[Items from a dataset]
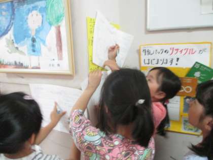 図書委員会の企画で、校内に本に関するクイズが貼りだされているので、1年生の子どもたちも早速挑戦しにいきました。ヒントになる本を読んで答えを出したりと楽しんでいました。
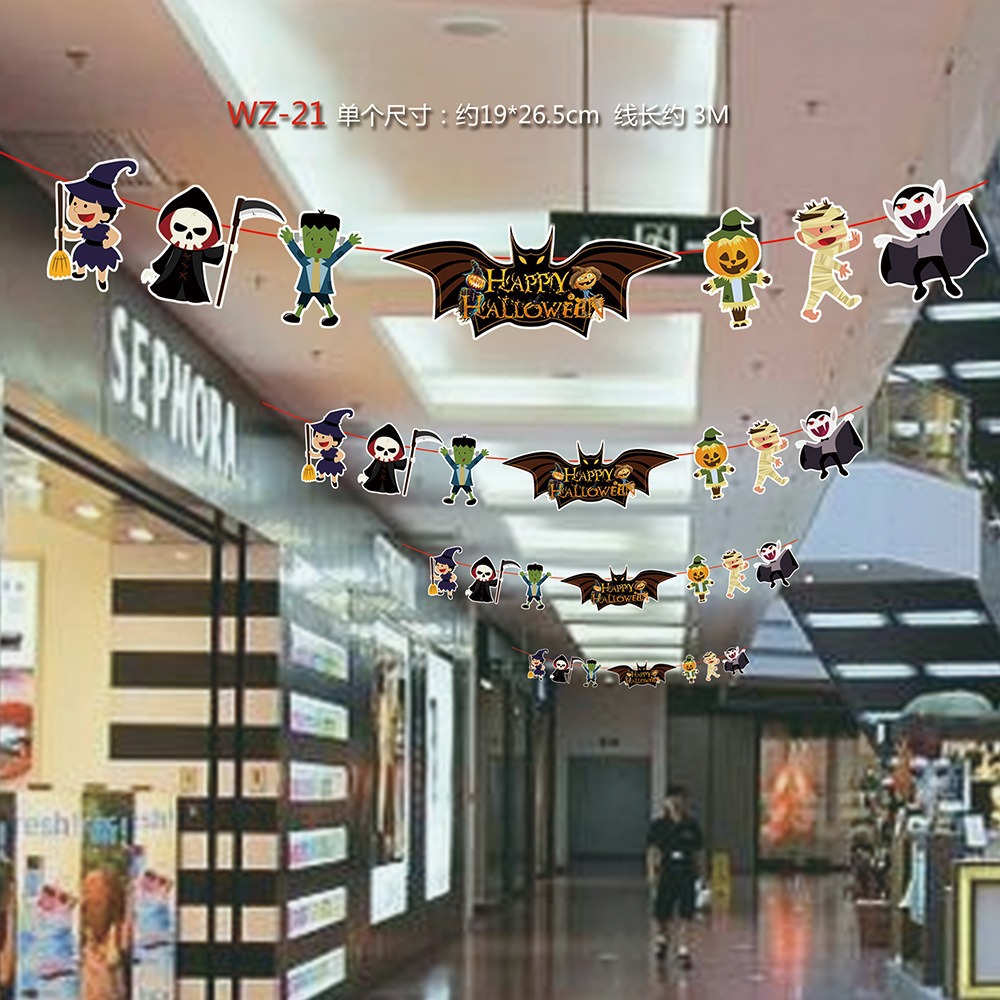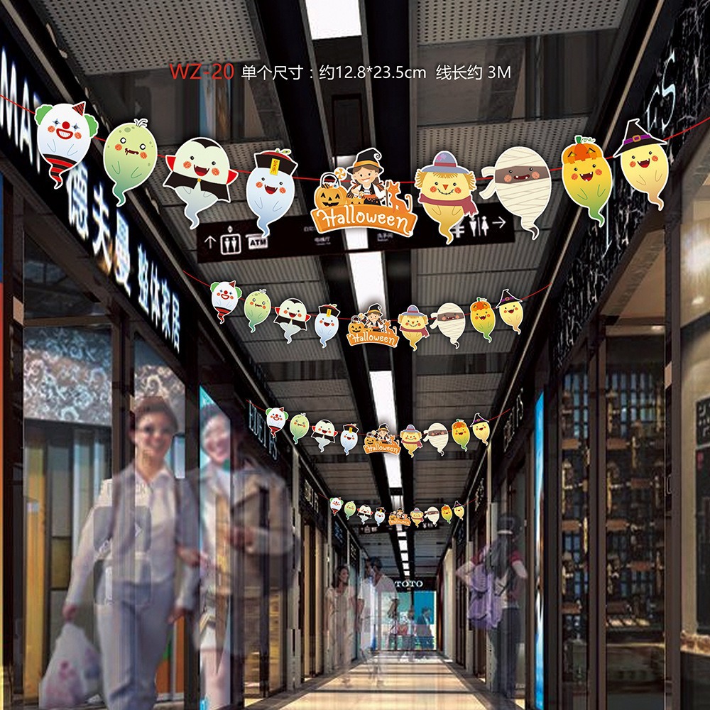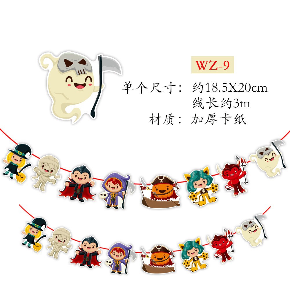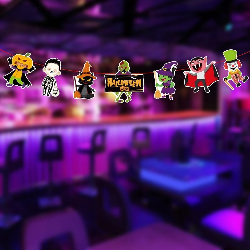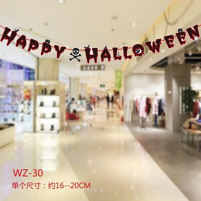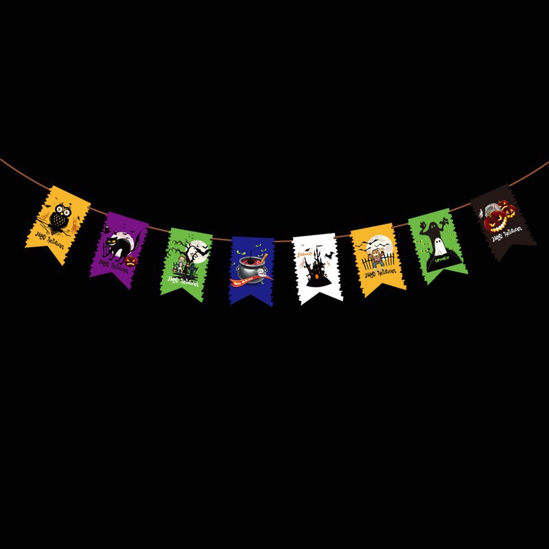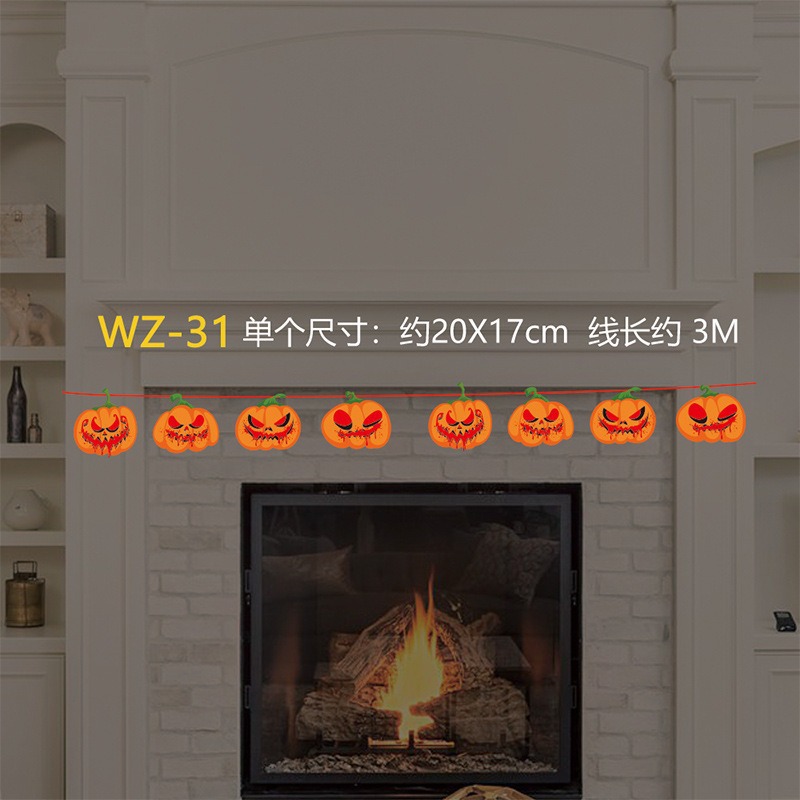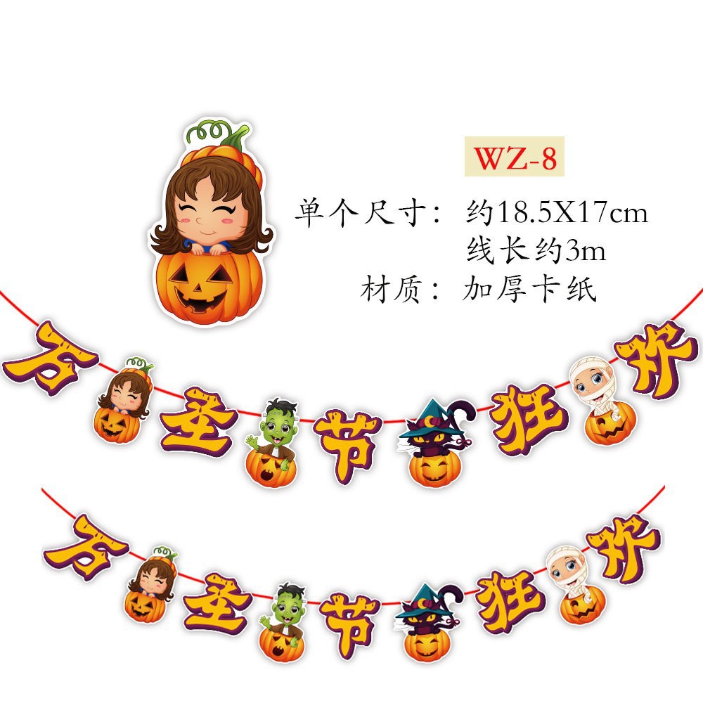万圣节装饰卡通拉旗横幅派对场景布置南瓜幽灵纸质三角旗字母彩旗
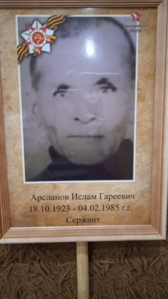 Из боевой характеристики партизана Арусланова Ислама Гареевича, подписанной командиром партизанской отряда партизанской бригады “Беларусь” от 18 июня 1944 г.: “Арусланов Ислам Гареевич, 04.09.1943 г. был в группе охотников по уничтожению ж.д. охраны. Лично убил 1 немца и взял в трофее6 автомат 1, патрон 88.
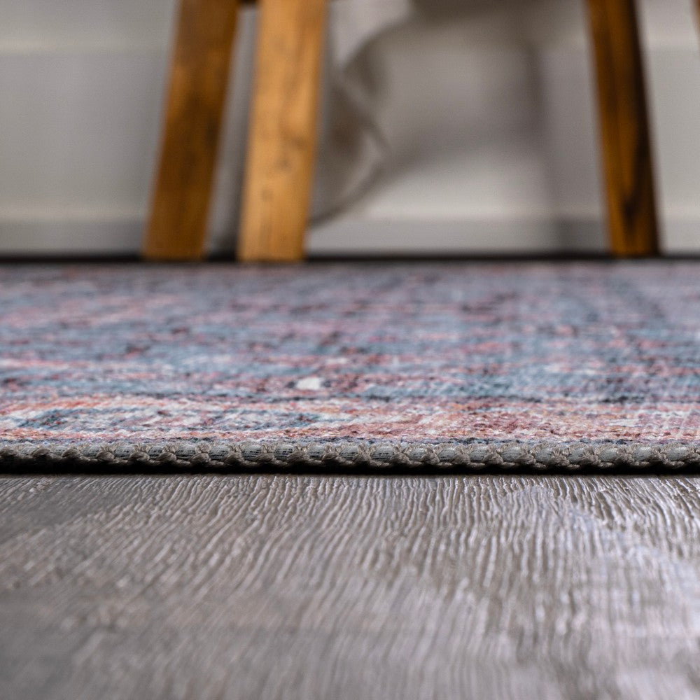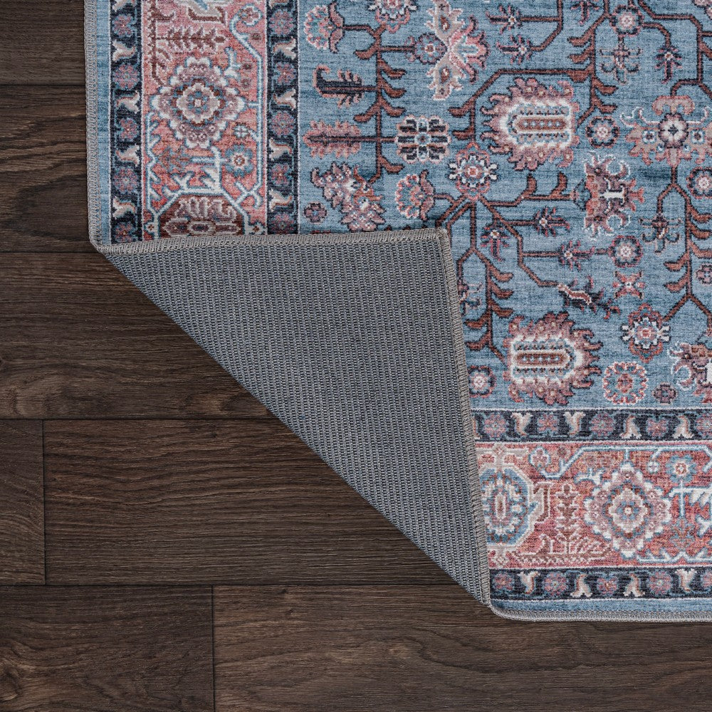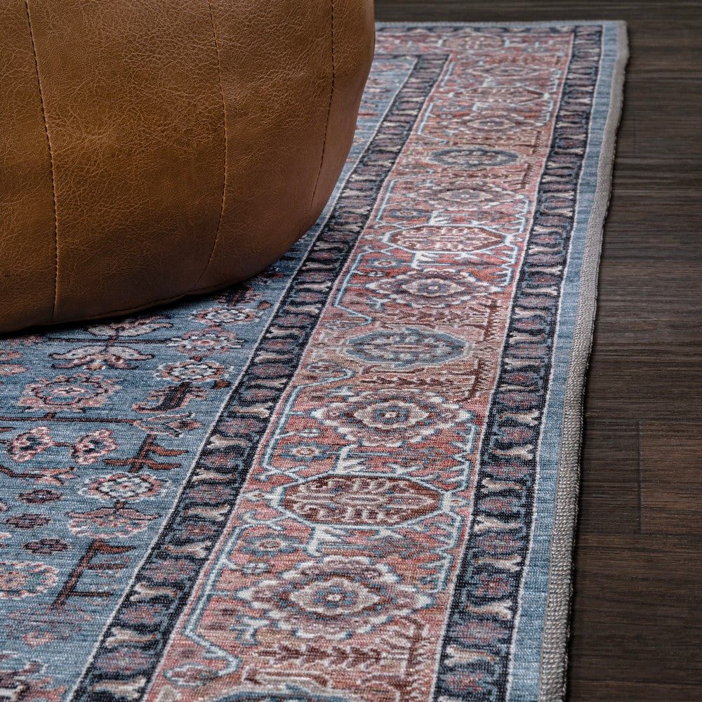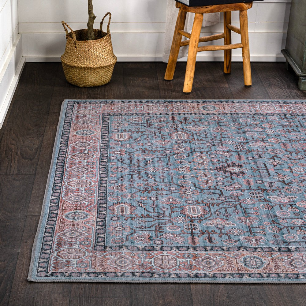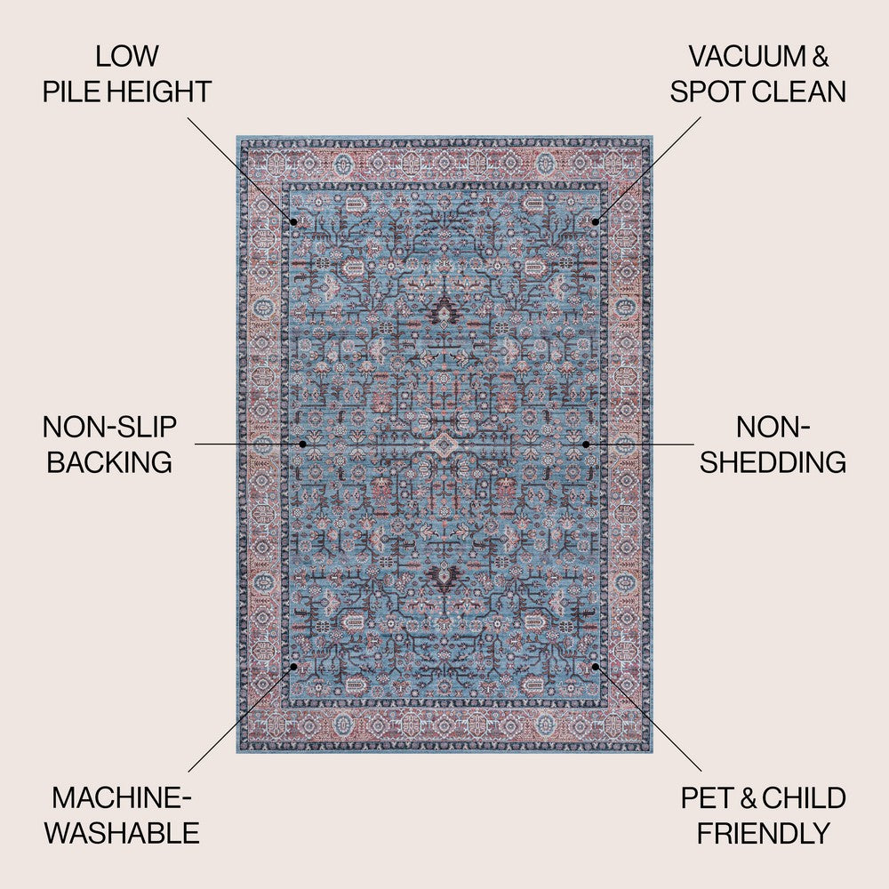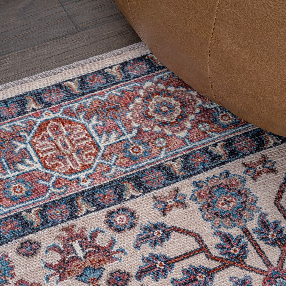Stylized vines and flowers in the center of this rug's design recall ancient Persian rug designs. Updated colors add a modern Bohemian-inspired twist to a classic design. With its pet-friendly pattern, this easy-care rug would be perfect for a dining room, living room, entry, bedroom or porch.
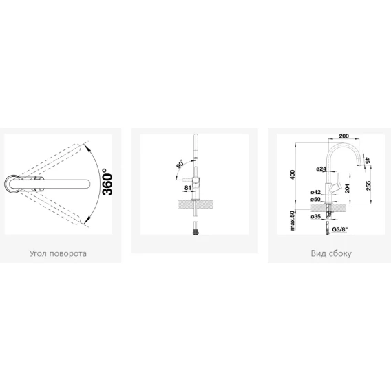 • Высокий изогнутый излив облегчает наполнение высоких кастрюль и ваз
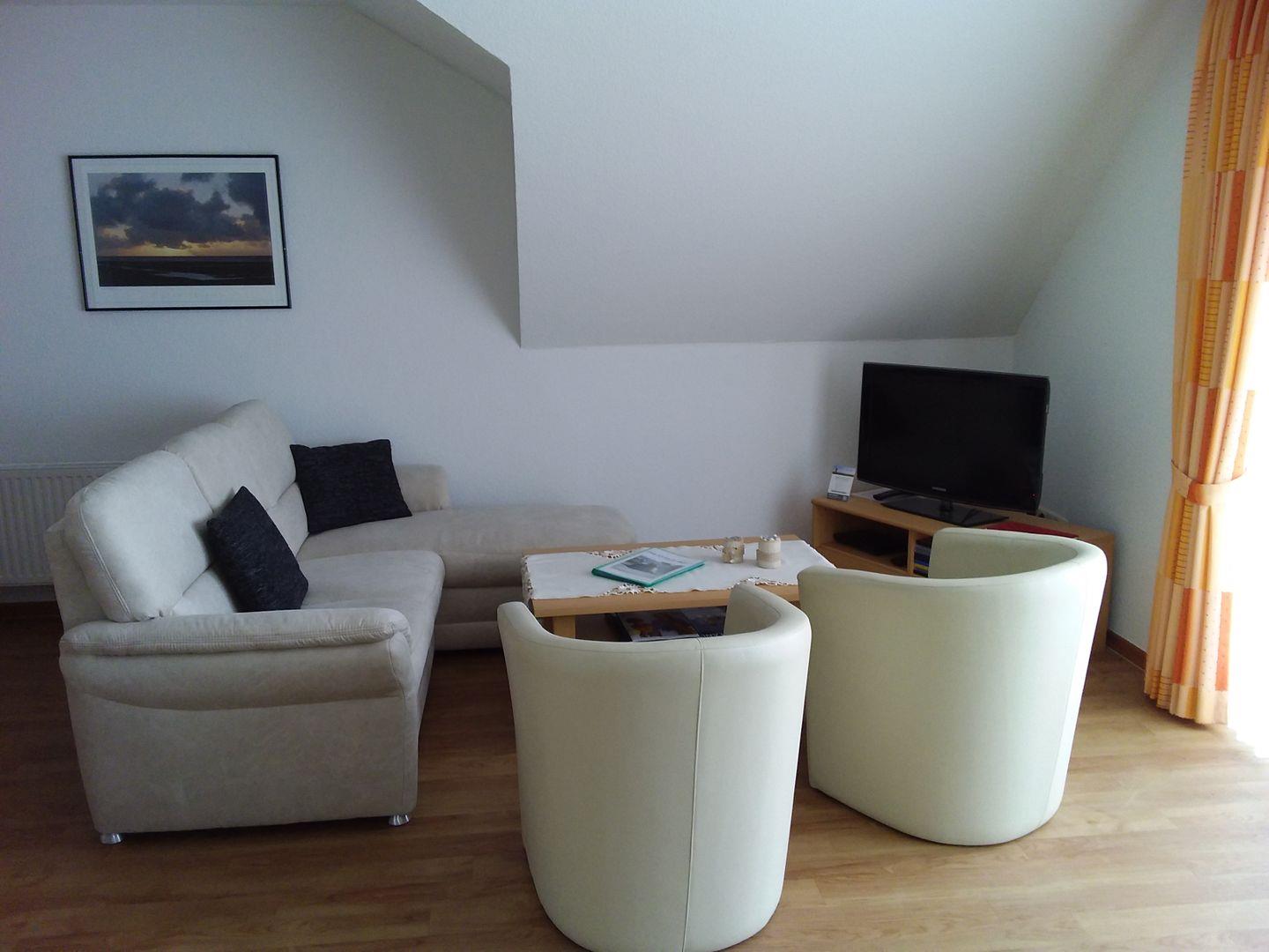 Der gemütliche Wohnbereich hat einen Flachbildfernseher und eine Musikanlage mit USB-Anschluss.
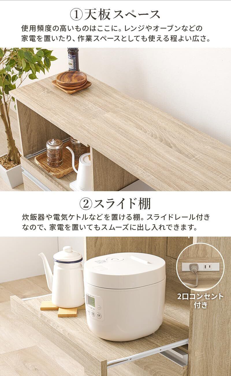 萩原 伸縮式 レンジボード 食器棚 キッチンラック 【 幅が調節できる 】レンジ台 作業台 大容量 2口コンセント 扉 付き 幅 75 ~ 125 奥行 40 高さ 84 cm ナチュラル VKC-7141NA-OS
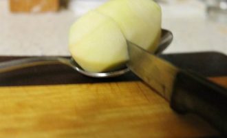 Картофель очистить, помыть и обсушить бумажным полотенцем. Положить в столовую ложку и сделать поперечные разрезы. Благодаря ложке вы не разрежете картофель пополам.
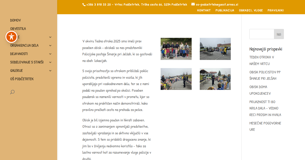 V okviru Tedna otroka 2025 smo imeli prav poseben obisk – obiskali so nas predstavniki Policijske postaje Šmarje pri Jelšah, ki so gostovali na obeh lokacijah.
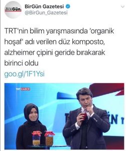 “TRT’nin bilim yarışmasında” diye bahsettikleri; TRT Haber ekranlarında yayınlanan “Bir Fikrin Mi Var” isimli girişimcilik yarışmasıdır aslında.
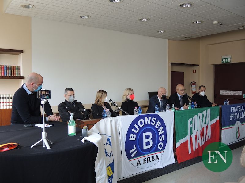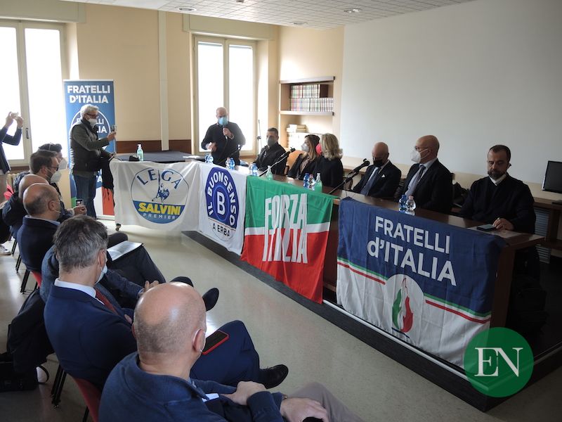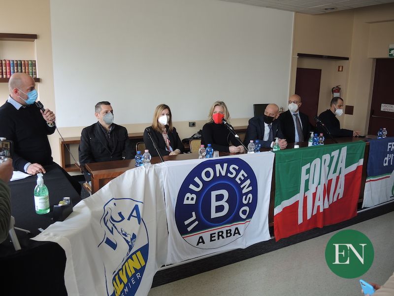 Al tavolo con Caprani c’erano il sindaco di Erba uscente Veronica Airoldi, i rappresentanti delle civiche Il Buonsenso, Alessio Nava, e Erba Primaditutto, Michele Riva, per la Lega Laura Santin e per Fratelli d’Italia Stefano Molinari. In sala, il presidente del consiglio regionale Alessandro Fermi, il Senatore Alessio Butti (FdI), il deputato Eugenio Zoffili e la Senatrice Erica Rivolta (Lega).
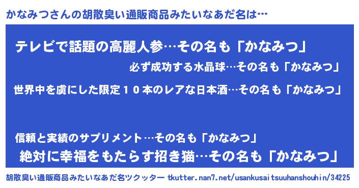 | 意味不明あだ名 | 『住所不定無職かなみつ(50歳)』 |
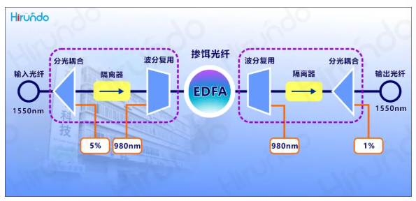 掺铒光纤放大器EDFA, Erbium Doped Fiber Amplifier, 是使用掺了稀有金属铒的成分的光纤制作而成的光学放大器。在DWDM光纤通信线路上,需要用大量的掺铒光纤放大器来提高信号光的无中继传输距离。
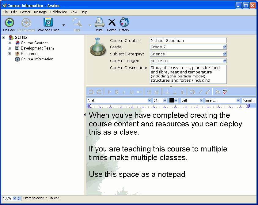 The lower pane can be used as a notepad to communicate with other course developers or make notes for yourself.

ABOUT THIS EXERCISE = Before answering, find the line with "万圣节装饰卡通拉旗横幅派对场景布置南瓜幽灵纸质三角旗字母彩旗" in the records above; then reproduce exactly each line from the first through that line, leaving out pictures.

OUTPUT =
 図書委員会の企画で、校内に本に関するクイズが貼りだされているので、1年生の子どもたちも早速挑戦しにいきました。ヒントになる本を読んで答えを出したりと楽しんでいました。
万圣节装饰卡通拉旗横幅派对场景布置南瓜幽灵纸质三角旗字母彩旗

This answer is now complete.